= Community for Open Antimicrobial Drug Discovery =

Not-for-profit research initiative

The Community for Open Antimicrobial Drug Discovery (CO-ADD) is a not-for-profit initiative created in 2015 reaching out to chemists in academia and research organisations who have compounds that were not designed as antibiotics and would not otherwise be screened for antimicrobial activity. These academic compounds are screened against a key panel of drug-resistant bacterial strains -superbugs. Multi-drug resistant microbes are a serious health treat, and exploration of novel chemical diversity is essential to find new antibiotics.

CO-ADD's goal is to find new, diverse compounds to combat the superbug crisis in screening chemical compounds for antimicrobial activity against key ESKAPE pathogens, E. coli, K. pneumoniae, A. baumannii, P. aeruginosa, S. aureus (MRSA), as well as the fungi C. neoformans and C. albicans.

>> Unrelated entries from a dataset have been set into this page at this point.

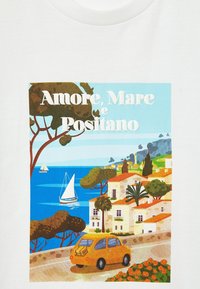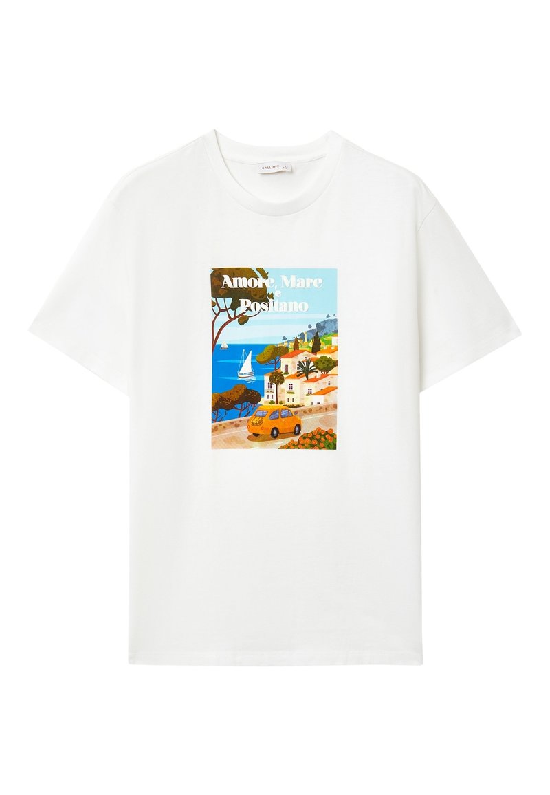 T-shirt blanc à manches courtes avec un imprimé coloré de paysage côtier comprenant une voiture jaune, des voiliers, des arbres et des maisons avec le texte "Amore, Mare e Positano".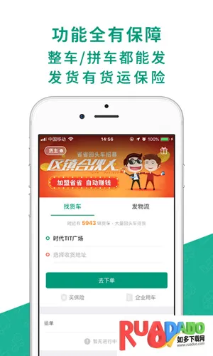 1. 注册简单且免费使用,达成交易后双方能进行免费运费担保交易、订单管理、一键买保险、定位、互相评价等。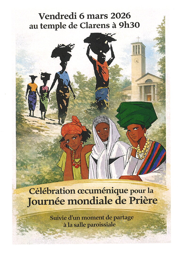 Vendredi 6 mars, à 9h30, au temple de Clarens, bienvenue à la célébration oecuménique dans le cadre de la journée mondiale de prière. Elle sera suivie d'un moment de partage à la salle paroissiale à côté de l'église.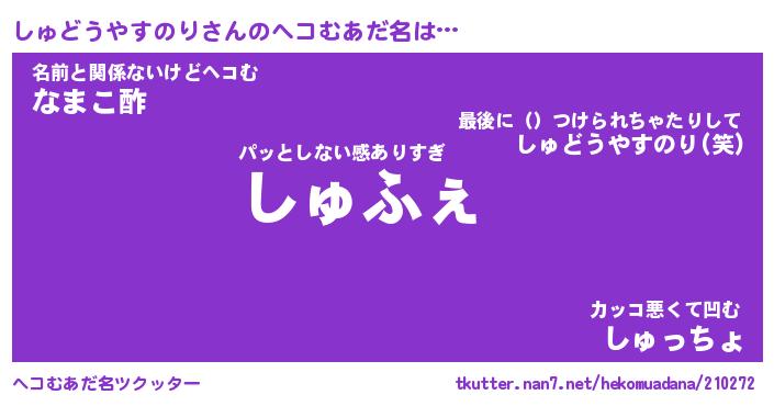 | 胡散臭い通販商品みたいなあだ名 | 『億万長者になれるブレスレット…その名も「しゅどうやすのり」』 |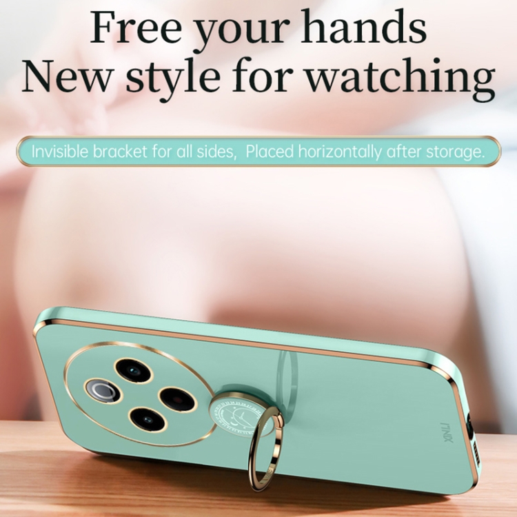 Funda para Teléfono Xinli Straight Edge 6D Electroplate TPU con Soporte para Anillo para Vivo Y300 Pro (Rosa)
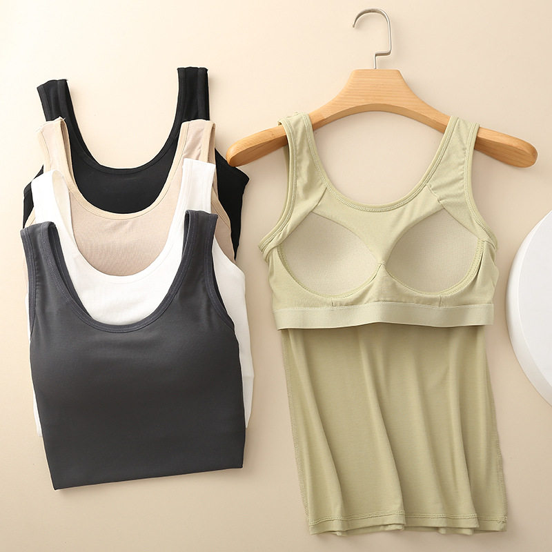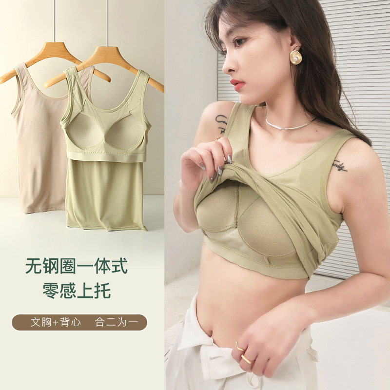 Beautiful back wide shoulder camisole women's summer round tie chest pad inner bottoming one-piece fixed cup outerwear jacket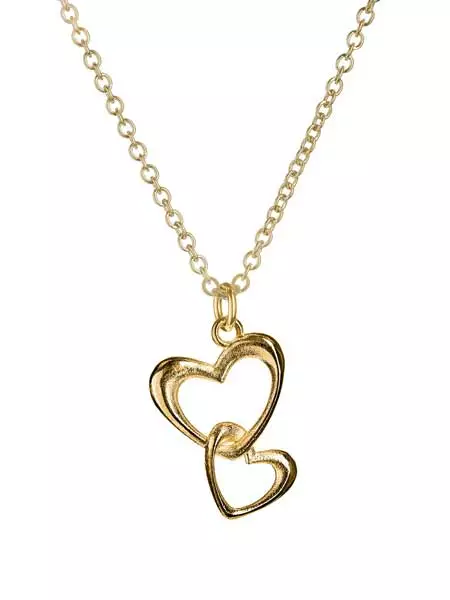 Kaunis naisten kullattu hopeinen kaulakoru. Lempikoru Onnenkantaja -riipuksen aiheena on herkät sydämet, jotka kietoutuvat toisiinsa. Sydämet muistuttavat, että jokainen pieni onnellinen hetki on tärkeä. Riipuksen koko on 16 x 21 mm ja hopeisen ketjun pituus on 45 cm. Kaulakoru on valmistettu laadukkaasta 925 sterling-hopeasta ja riipus on keltakullattu. Yhdistele Onnenkantaja riipus samaan sarjaan kuuluvien korvakorujen kanssa!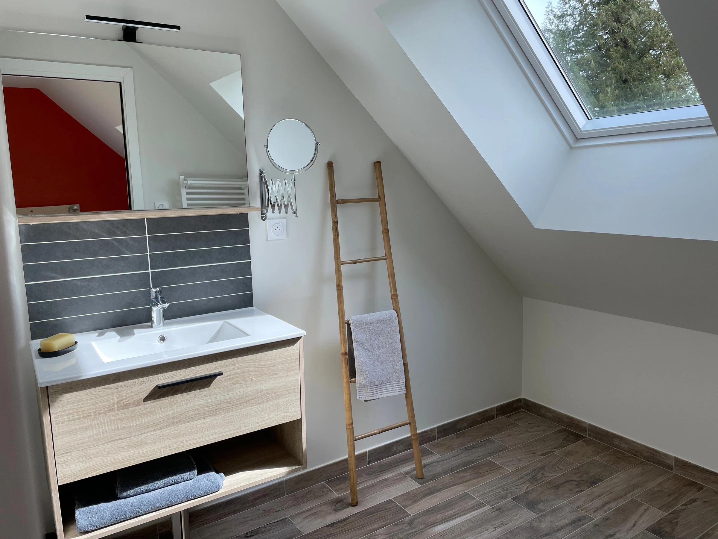 For added decor and as a reminder of the site's history, we have preserved some elements of the past in the grounds (antique cart, apple press, and benches reconstructed from old timber beams, etc.). A large bedroom on the ground floor has its own private accessible bathroom. Large living room and terrace on the ground floor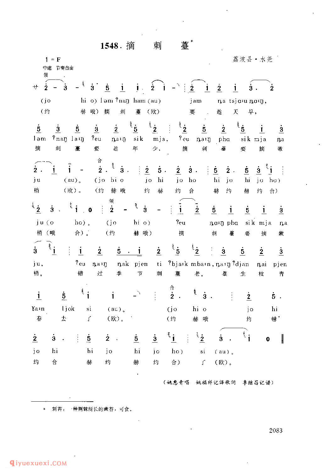 摘刺苔 荔波县·水尧_旭基_贵州民间歌曲简谱
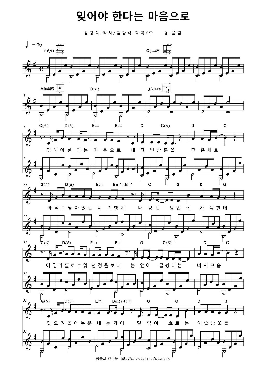 악보세상 김광석 잊어야 한다는 마음으로 기타 악보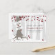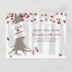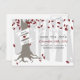 Una tarjeta de fecha de guardar de boda de invierno con una ilustración de un árbol en un bosque nevado. El árbol tiene hojas rojas, blancas y plateadas, raíces expuestas y un tronco envuelto con una pancarta que se puede personalizar con los nombres de la novia y el novio.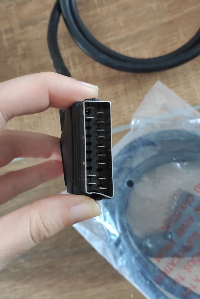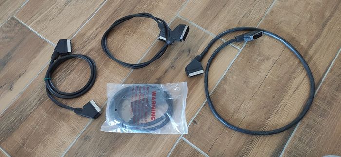 Je vends ce lot de 4 câbles péritel en bon état. Ils sont noirs et mesurent environ 1,5 mètres de long chacun. Ils sont parfaits pour connecter des appareils audio-vidéo comme des téléviseurs, décodeurs ou consoles de jeux. Ils permettent de transmettre le signal vidéo et audio entre ces équipements. C'est un ensemble pratique et fonctionnel qui peut être très utile pour de nombreuses installations.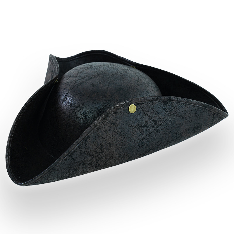 加勒比海盗帽子裂纹万圣节舞台表演仿皮革杰克船长帽三角帽跨境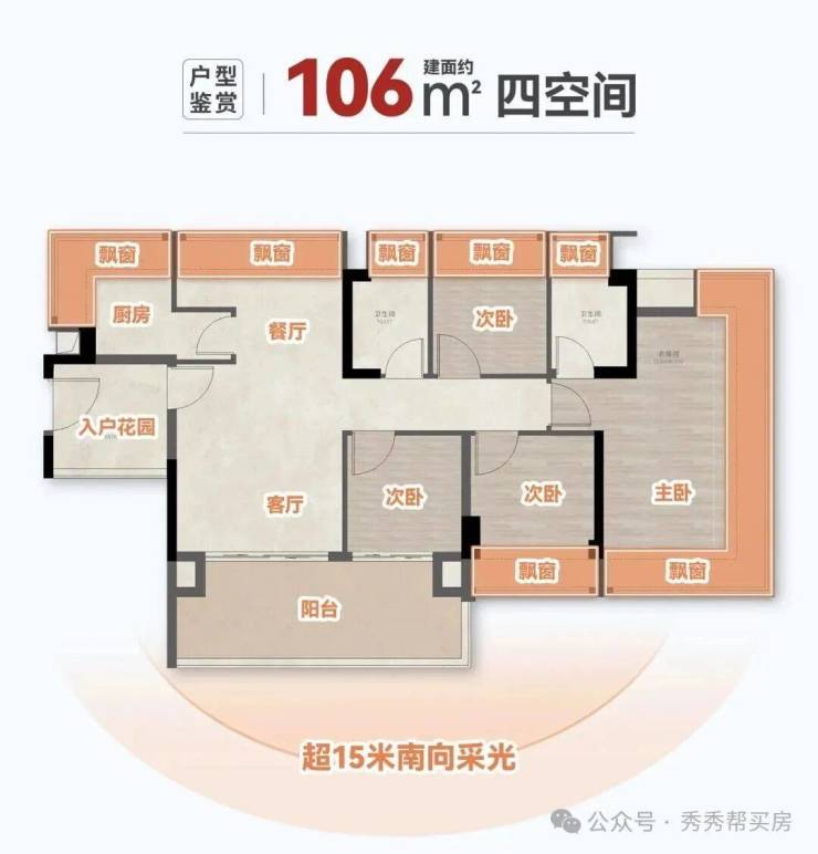 最后是106㎡的四房两卫。作为单边位全明户型,南北通透,南向面宽约15.4米,6.4米超大观景阳台,直望园林+江景。主卧奢阔套间约21-26㎡,环幕飘窗的设计让居住体验拉满。这个户型的开盘去化速度很快,尤其是高区单位,消化得非常快。

CO-ADD is supported by the Wellcome Trust through a Strategic Award and The University of Queensland (Institute for Molecular Bioscience), where the compound screening facilities are located.

== Community ==
CO-ADD is a community-driven solution to the superbug crisis problem, providing chemists with:
- an open access antimicrobial drug discovery platform
- a low-barrier access to free antimicrobial screening
- a program to uncover and test chemical diversity sitting on chemists’ shelves
- a communal knowledge base for antimicrobial discovery

== The Superbug Crisis ==
Resistance of bacteria to commonly used antibiotics is increasing and contributes significantly to patient morbidity and mortality. Klebsiella species, Acinetobacter baumannii, P. aeruginosa, and Enterobacter species, together with the gram-positive Enterococcus faecium and Staphylococcus aureus are responsible for two-thirds of all health care-associated infections.

The World Health Organization (WHO) has declared antimicrobial resistance to be one of the greatest threats to human health. On World Health Day 2011, themed ‘combating antimicrobial resistance’, WHO issued an international call for concerted action to halt the spread of antimicrobial resistance, launching a six-point policy package, recommended for governments, which sets out the measures governments and their national partners need to combat drug resistance.